[Entries shown — start]
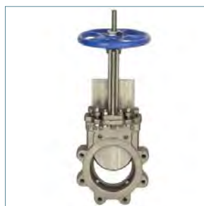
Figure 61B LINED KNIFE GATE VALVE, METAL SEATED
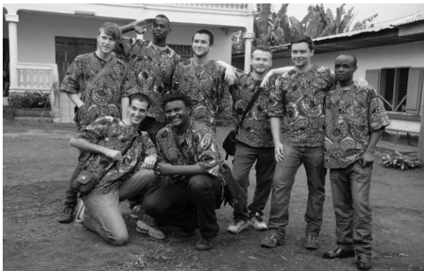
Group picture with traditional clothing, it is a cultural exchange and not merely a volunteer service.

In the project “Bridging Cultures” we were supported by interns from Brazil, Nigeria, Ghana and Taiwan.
[Entries shown — finish]
[Entries shown — start]
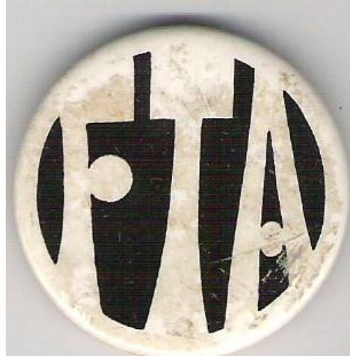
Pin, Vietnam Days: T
[Entries shown — finish]
[Entries shown — start]
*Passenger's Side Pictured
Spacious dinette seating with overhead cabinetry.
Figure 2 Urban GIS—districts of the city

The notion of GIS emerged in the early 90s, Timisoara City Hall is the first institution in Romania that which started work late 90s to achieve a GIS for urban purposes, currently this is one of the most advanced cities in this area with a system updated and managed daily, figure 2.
[Entries shown — finish]
### [Work instruction]
Copy out precisely the lines from the line with "Figure 2 Urban GIS—districts of the city" to the line with "The notion of" in the material above, including those two lines and omitting all the rest.

### [Answer]
Figure 2 Urban GIS—districts of the city

The notion of GIS emerged in the early 90s, Timisoara City Hall is the first institution in Romania that which started work late 90s to achieve a GIS for urban purposes, currently this is one of the most advanced cities in this area with a system updated and managed daily, figure 2.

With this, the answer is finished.